JAKARTA || Jejak-indonesia.id – Anggota Komisi III DPR RI Abdullah mendesak pihak kepolisian untuk tidak berhenti pada penangkapan 16 tersangka dalam kasus sindikat lintas provinsi pembuat dan pengedar meterai palsu yang berpotensi menimbulkan kerugian keuangan negara hingga Rp1,03 triliun. Ia meminta penelusuran mendalam terhadap aliran dana serta aktor intelektual di balik jaringan kejahatan tersebut.
“Aktor intelektual atau pemodalnya harus diungkap sepenuhnya. Mengingat pemalsuan meterai ini merupakan kejahatan terorganisir yang terus berulang, tindakan tegas harus dilakukan sampai ke tingkat elit atau pemimpin sindikat,” tegas Abdullah di Jakarta, Kamis (20/8/2026).
Menurutnya, kepolisian bersama Direktorat Jenderal Pajak perlu menelusuri secara menyeluruh aliran uang hasil kejahatan tersebut, termasuk menyelidiki potensi adanya Tindak Pidana Pencucian Uang (TPPU). Ia juga mendesak pengungkapan sindikat pemalsuan meterai lainnya yang diduga masih beroperasi di luar jaringan yang telah dibongkar.
“Siapa yang menerima dan menikmati keuntungan tersebut? Apakah dana itu dialihkan menjadi aset tertentu? Jika ditemukan indikasi, dalami juga dugaan TPPU-nya,” tambahnya.
Selain penindakan hukum, Abdullah juga mengusulkan penguatan edukasi publik guna mencegah peredaran meterai palsu lebih luas. Masyarakat diharapkan mampu membedakan keaslian meterai, antara lain dengan memeriksa kualitas kertas, hologram, hingga mikroteks yang tertera.

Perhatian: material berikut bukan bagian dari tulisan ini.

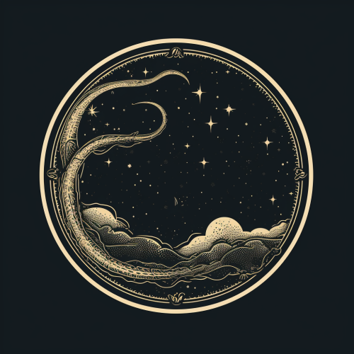 blank printable label with black and gold fine line tattoo-style snake moon surround, occult, minimalist

“Saya menilai sosialisasi melalui iklan layanan masyarakat maupun edukasi langsung kepada masyarakat masih belum cukup masif. Hal ini perlu ditingkatkan agar masyarakat tidak mudah tertipu,” ujarnya.
Sebelumnya, Polda Metro Jaya bekerja sama dengan Direktorat Jenderal Pajak Kementerian Keuangan berhasil membongkar sindikat pemalsuan meterai lintas provinsi dengan potensi kerugian negara mencapai Rp1,03 triliun. Operasi penindakan dilakukan secara serentak dalam kurun waktu 24 Juni hingga 2 Juli 2026 di lima wilayah hukum: DKI Jakarta, Jawa Barat, Jawa Tengah, Jawa Timur, dan Sumatera Utara.
Wakapolda Metro Jaya Brigjen Pol Dekananto Eko Purwono menyampaikan bahwa penindakan ini merupakan wujud komitmen tegas kepolisian bersama Ditjen Pajak dalam melindungi penerimaan negara serta memutus rantai kejahatan pemalsuan dari hulu hingga ke hilir.
“Penyidik berhasil mengamankan 16 orang tersangka dengan pembagian peran yang sangat terstruktur,” ungkap Dekananto di Jakarta, Rabu.
Ke-16 tersangka tersebut mencakup produsen (B), distributor (RC), kurir (M), pendaur ulang (TA dan RTP), serta 11 tersangka lainnya yang berperan sebagai penjual (IA, F, H, RH, MIF, SNM, U, FF, NSA, P, dan MO).